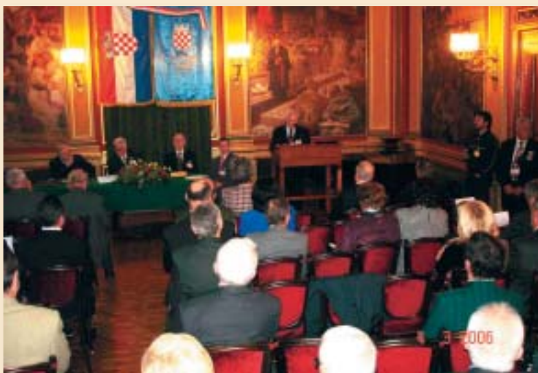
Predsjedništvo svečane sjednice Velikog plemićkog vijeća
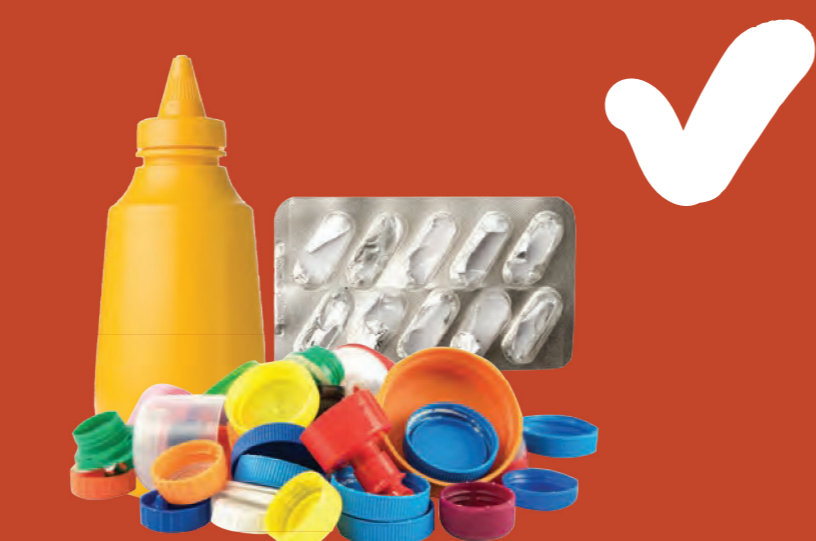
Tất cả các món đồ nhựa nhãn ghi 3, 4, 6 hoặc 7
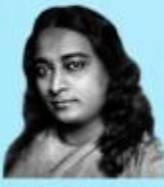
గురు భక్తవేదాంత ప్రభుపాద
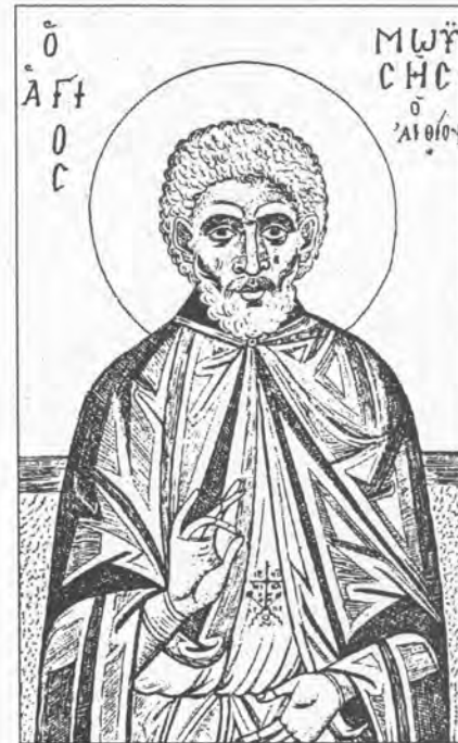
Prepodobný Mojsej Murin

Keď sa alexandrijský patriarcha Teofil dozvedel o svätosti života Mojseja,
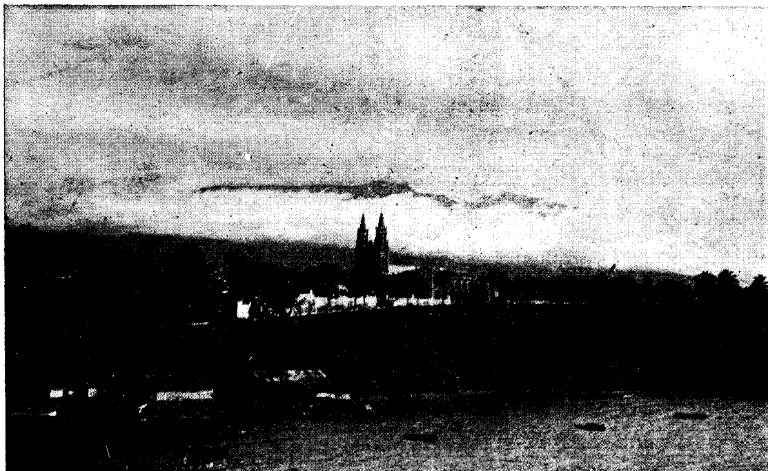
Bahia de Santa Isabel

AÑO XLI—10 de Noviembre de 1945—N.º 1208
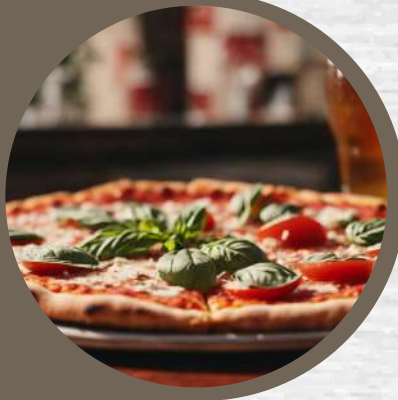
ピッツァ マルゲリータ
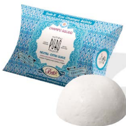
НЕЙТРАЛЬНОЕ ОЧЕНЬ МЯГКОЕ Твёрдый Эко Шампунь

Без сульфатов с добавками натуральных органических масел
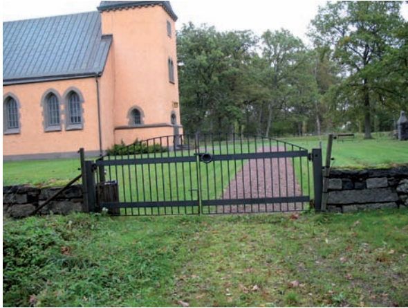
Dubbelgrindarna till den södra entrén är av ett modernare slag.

§

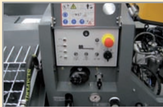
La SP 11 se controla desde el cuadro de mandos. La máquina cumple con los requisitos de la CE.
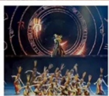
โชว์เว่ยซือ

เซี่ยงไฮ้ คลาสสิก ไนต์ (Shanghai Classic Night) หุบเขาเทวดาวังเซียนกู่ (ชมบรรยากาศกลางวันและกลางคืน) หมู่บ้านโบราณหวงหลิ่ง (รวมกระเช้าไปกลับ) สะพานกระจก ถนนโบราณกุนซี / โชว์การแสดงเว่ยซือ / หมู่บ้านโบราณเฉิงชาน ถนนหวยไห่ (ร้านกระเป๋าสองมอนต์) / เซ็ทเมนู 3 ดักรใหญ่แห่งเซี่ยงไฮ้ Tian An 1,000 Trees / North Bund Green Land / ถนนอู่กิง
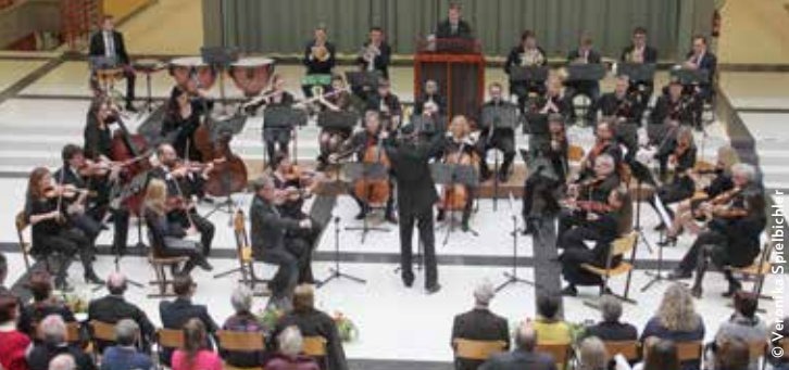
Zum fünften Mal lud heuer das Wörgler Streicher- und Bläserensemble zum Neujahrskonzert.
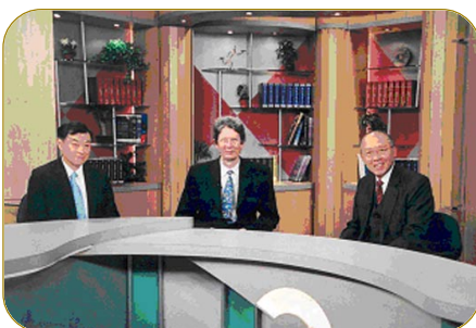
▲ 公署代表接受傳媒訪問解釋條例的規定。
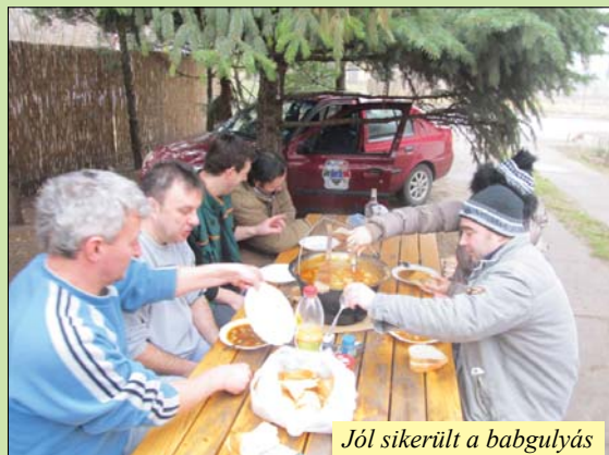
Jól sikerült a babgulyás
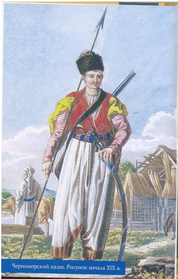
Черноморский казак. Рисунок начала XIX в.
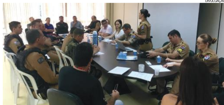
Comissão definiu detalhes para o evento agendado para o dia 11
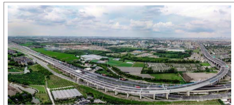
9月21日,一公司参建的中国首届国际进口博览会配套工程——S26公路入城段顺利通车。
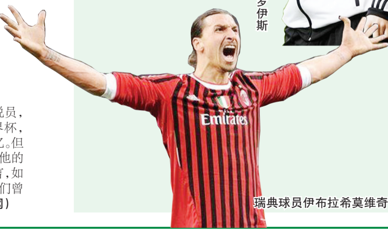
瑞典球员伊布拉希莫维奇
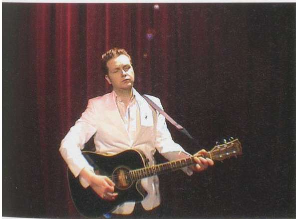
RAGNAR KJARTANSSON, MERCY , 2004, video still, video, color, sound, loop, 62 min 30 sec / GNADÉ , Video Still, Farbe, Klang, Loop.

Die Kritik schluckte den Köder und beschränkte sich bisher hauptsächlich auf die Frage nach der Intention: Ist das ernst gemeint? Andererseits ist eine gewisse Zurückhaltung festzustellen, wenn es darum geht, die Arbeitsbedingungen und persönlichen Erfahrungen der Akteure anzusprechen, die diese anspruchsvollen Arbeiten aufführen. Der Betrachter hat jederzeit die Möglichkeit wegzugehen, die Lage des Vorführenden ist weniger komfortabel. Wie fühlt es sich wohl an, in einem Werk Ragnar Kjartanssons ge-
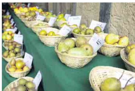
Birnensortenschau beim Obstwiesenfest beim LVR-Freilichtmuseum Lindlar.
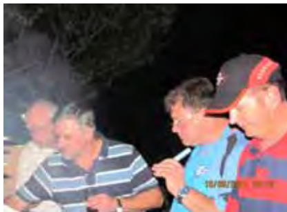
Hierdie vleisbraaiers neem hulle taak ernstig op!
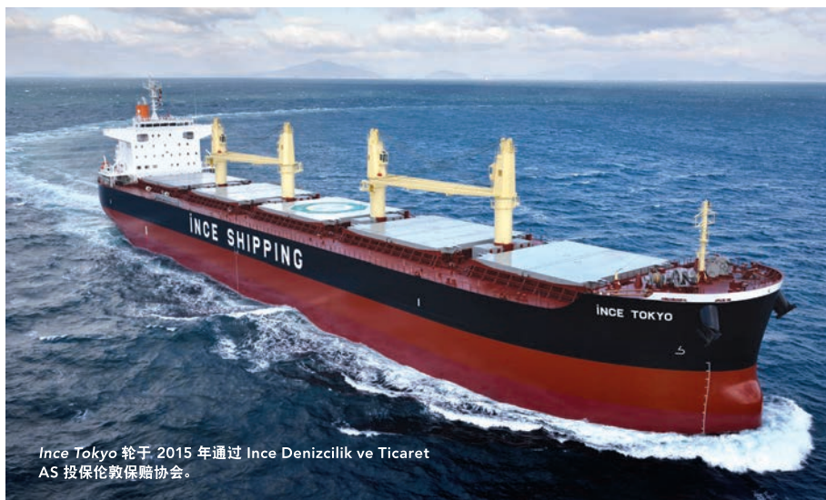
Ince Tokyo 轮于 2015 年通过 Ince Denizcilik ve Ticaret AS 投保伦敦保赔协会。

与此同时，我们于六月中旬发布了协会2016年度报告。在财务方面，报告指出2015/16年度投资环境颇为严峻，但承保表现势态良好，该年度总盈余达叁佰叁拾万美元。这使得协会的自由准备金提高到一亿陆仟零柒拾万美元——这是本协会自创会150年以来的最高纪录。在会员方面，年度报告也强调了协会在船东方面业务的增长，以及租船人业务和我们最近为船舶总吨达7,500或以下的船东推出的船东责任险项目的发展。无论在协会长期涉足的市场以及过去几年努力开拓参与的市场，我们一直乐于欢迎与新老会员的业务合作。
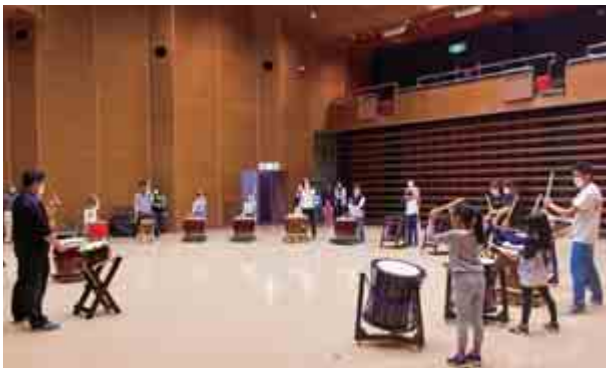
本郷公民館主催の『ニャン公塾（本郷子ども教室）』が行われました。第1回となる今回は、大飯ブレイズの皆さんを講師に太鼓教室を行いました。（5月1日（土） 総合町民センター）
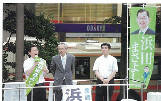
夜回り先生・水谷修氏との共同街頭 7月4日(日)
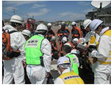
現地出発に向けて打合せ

§

**WHAT YOU WILL DO:**
From the line with "Prepodobný Mojsej Murin" up to and including the line with "НЕЙТРАЛЬНОЕ ОЧЕНЬ МЯГКОЕ Твёрдый Эко Шампунь" above, retype every line exactly and nothing more; leave out the pictures.

**RESULT OF THE TASK:**
Prepodobný Mojsej Murin

Keď sa alexandrijský patriarcha Teofil dozvedel o svätosti života Mojseja,
Bahia de Santa Isabel

AÑO XLI—10 de Noviembre de 1945—N.º 1208
ピッツァ マルゲリータ
НЕЙТРАЛЬНОЕ ОЧЕНЬ МЯГКОЕ Твёрдый Эко Шампунь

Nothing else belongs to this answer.